Data records:
Start of Block

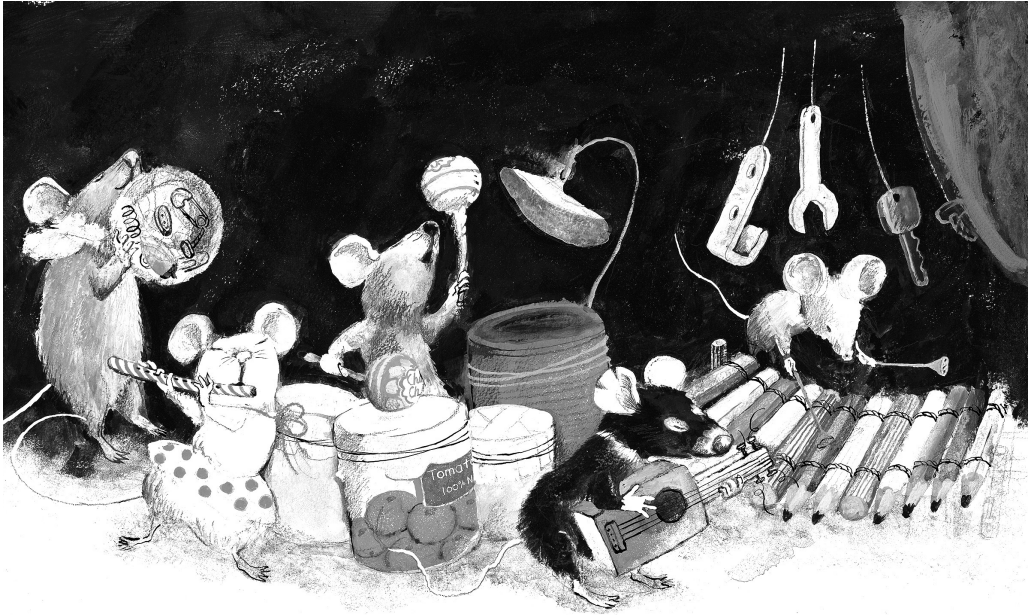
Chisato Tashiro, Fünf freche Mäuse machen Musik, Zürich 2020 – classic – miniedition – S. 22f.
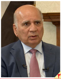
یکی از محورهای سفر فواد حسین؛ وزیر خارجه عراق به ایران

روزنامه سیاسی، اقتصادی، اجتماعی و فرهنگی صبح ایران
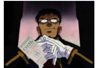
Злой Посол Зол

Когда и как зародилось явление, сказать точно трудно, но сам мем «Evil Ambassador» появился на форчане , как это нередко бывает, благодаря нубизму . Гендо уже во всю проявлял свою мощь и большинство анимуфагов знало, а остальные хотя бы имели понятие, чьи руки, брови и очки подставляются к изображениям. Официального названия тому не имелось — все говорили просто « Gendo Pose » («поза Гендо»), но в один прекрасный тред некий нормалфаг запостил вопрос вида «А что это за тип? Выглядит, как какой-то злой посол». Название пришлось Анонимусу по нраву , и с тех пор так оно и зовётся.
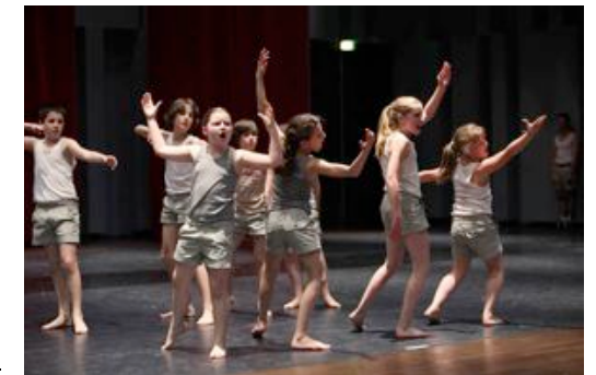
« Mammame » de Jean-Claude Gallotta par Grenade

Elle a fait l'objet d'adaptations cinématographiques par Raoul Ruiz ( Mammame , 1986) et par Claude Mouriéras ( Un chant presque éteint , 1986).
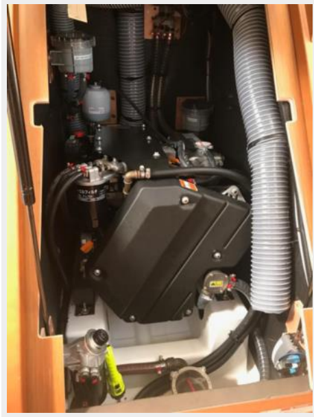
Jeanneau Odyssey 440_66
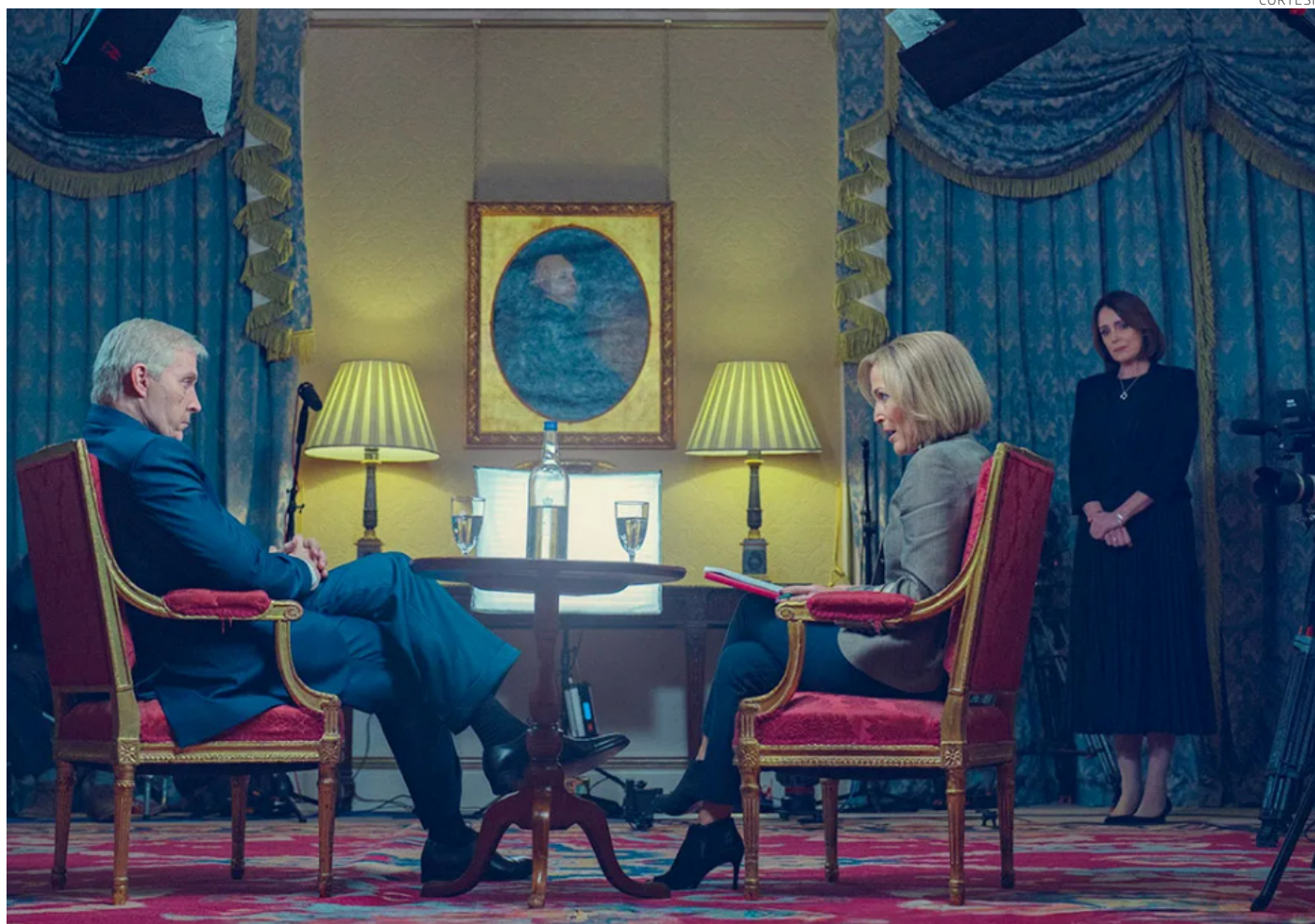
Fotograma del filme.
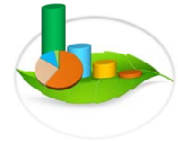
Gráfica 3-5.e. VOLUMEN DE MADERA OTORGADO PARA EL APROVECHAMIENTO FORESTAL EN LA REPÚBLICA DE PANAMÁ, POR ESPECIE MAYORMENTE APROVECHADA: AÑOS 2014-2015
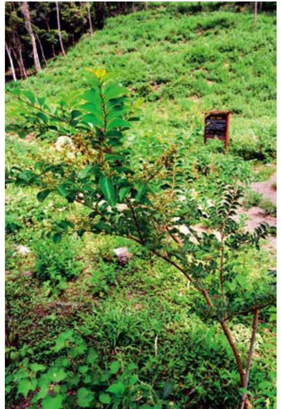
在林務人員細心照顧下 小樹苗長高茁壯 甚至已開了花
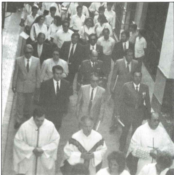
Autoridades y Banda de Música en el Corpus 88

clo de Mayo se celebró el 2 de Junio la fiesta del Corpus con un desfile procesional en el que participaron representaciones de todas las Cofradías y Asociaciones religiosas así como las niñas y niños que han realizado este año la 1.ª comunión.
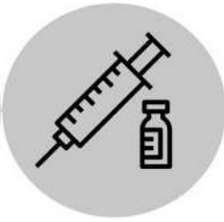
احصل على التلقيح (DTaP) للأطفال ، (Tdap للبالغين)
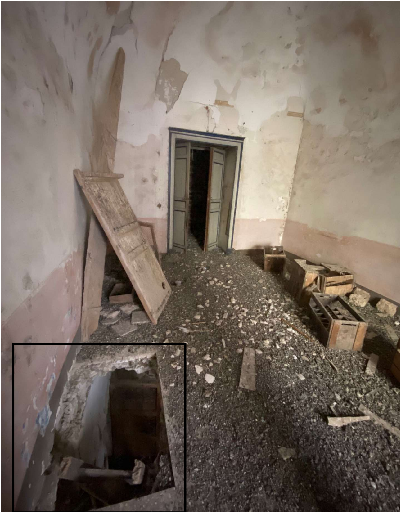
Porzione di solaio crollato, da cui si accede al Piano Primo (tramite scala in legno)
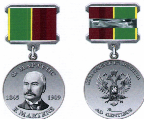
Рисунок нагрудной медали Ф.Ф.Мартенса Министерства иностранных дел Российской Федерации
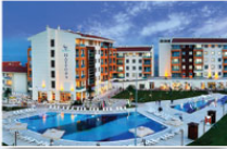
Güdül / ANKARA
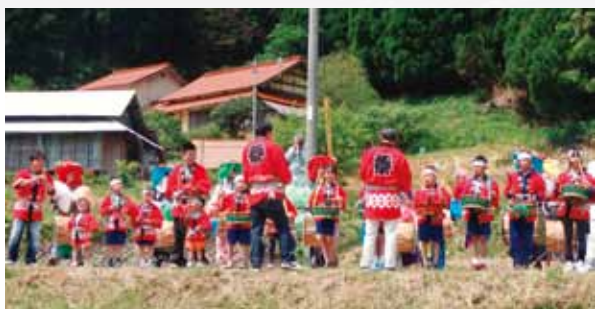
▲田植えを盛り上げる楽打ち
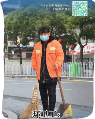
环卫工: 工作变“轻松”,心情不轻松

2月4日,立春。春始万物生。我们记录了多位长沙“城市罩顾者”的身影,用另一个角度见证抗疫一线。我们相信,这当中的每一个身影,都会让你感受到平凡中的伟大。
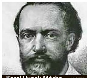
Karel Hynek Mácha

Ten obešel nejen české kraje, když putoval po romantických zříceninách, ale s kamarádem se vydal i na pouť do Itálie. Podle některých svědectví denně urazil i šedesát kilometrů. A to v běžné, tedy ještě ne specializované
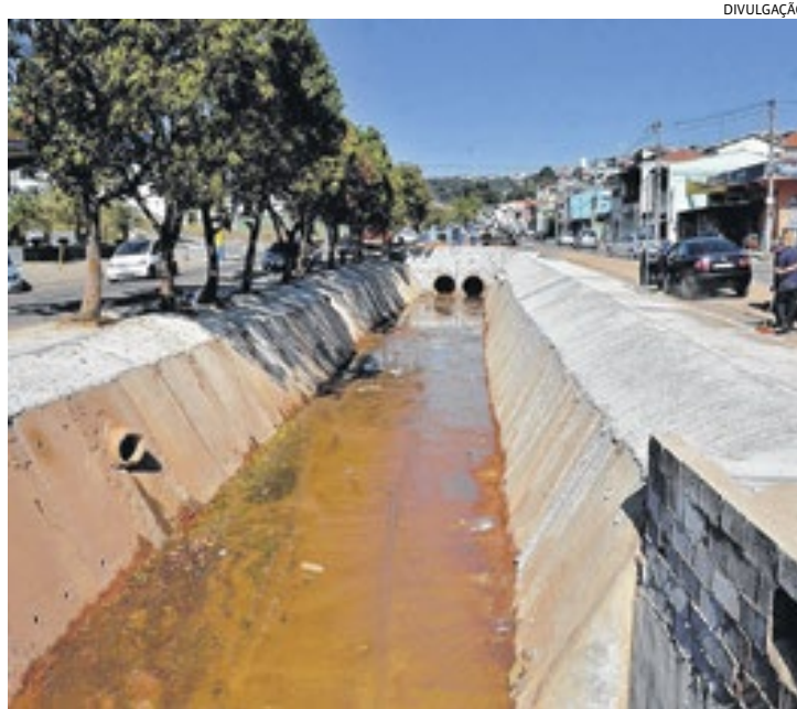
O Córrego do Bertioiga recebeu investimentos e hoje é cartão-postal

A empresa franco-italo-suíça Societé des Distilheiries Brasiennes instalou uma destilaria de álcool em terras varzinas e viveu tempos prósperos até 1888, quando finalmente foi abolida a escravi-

End of Block

Your assignment:
Every line in the listing that holds the string "Corpus" should be copied out.

Expected answer:
Autoridades y Banda de Música en el Corpus 88
clo de Mayo se celebró el 2 de Junio la fiesta del Corpus con un desfile procesional en el que participaron representaciones de todas las Cofradías y Asociaciones religiosas así como las niñas y niños que han realizado este año la 1.ª comunión.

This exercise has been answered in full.